Marcin Miśkiewicz asekurował kolegę z brzegu prowadząc korespondencję z dyżurnym oraz przygotowując sprzęt asekuracyjny. W odległości około 50 metrów od brzegu mężczyzna nagle stracił siły i zaczął się topić. Po dopłynięciu do topiącego się funkcjonariusz podłożył pod niego koło ratunkowe i odholował go na odległość około 20 metrów od brzegu. Tam policjant asekurujący rzucił linkę przy pomocy której szybko ratownik policyjny i 42-latek trafili na brzeg.
Już na lądzie dzięki pomocy mundurowych mężczyzna wykrztusiła wodę, co pozwoliło na unormowanie jego oddechu. Do czasu przyjazdu załogi ratownictwa medycznego policjanci kontrolowali jego czynności życiowe. Mężczyzna trafił do szpitala na badania.

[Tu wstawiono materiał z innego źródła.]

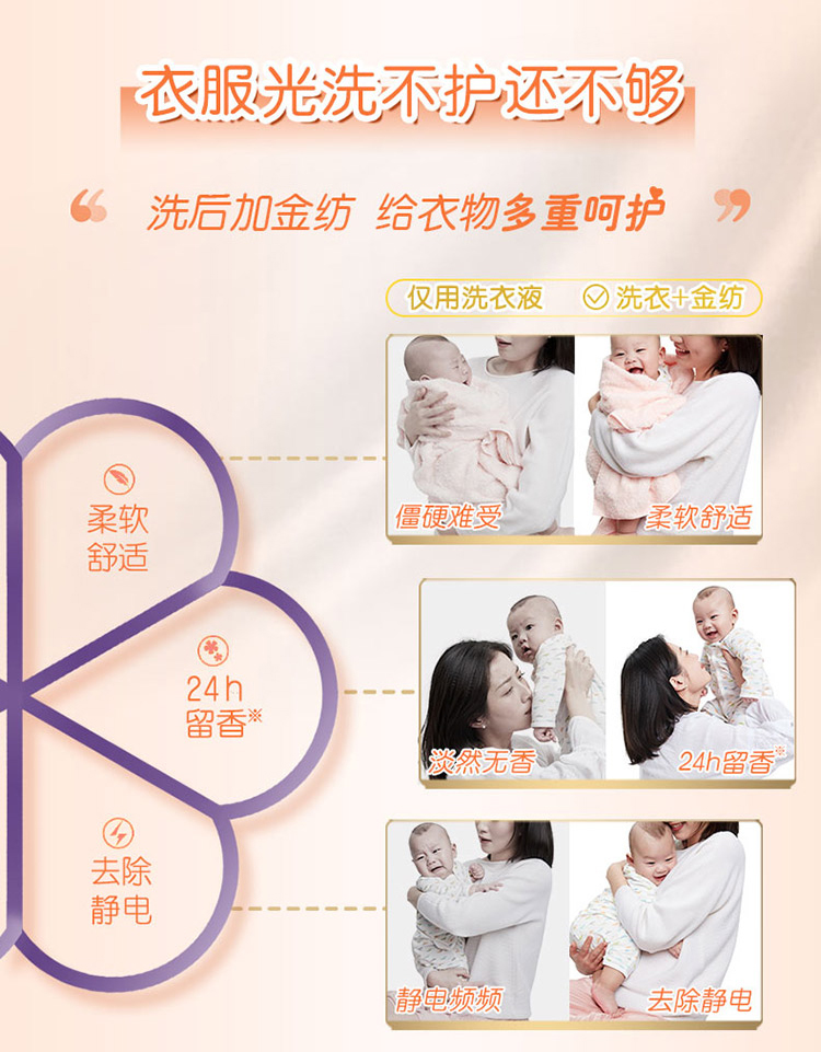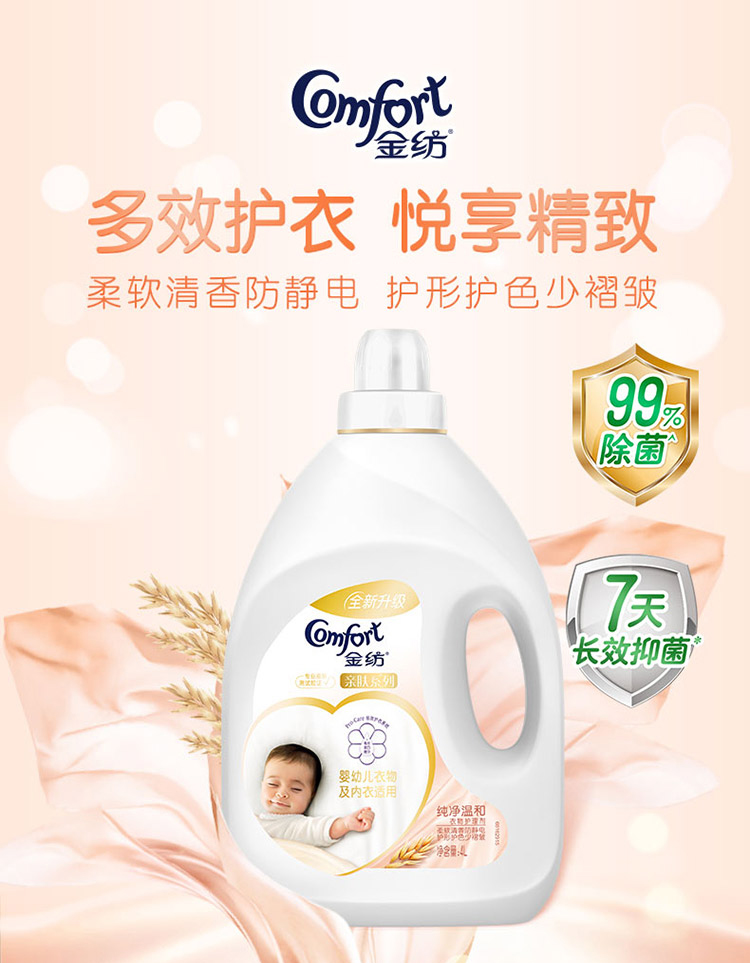 金纺衣物柔顺剂护理剂 柔软亲肤防静电 纯净温和 4L(婴儿衣物可用 漂洗时中和洗衣液残留 温柔芬芳)

Jak się okazało, powodem tak desperackiej ucieczki mogącej zakończyć się tragicznie był fakt poszukiwania przez sąd 42-latka do odbycia kary więzienia. Mężczyzna nie stawił się do zakładu karnego w celu odbycia 4-letniej kary pozbawienia wolności
(Inf. prasowa KMP Włocławek)
Komentarze (0)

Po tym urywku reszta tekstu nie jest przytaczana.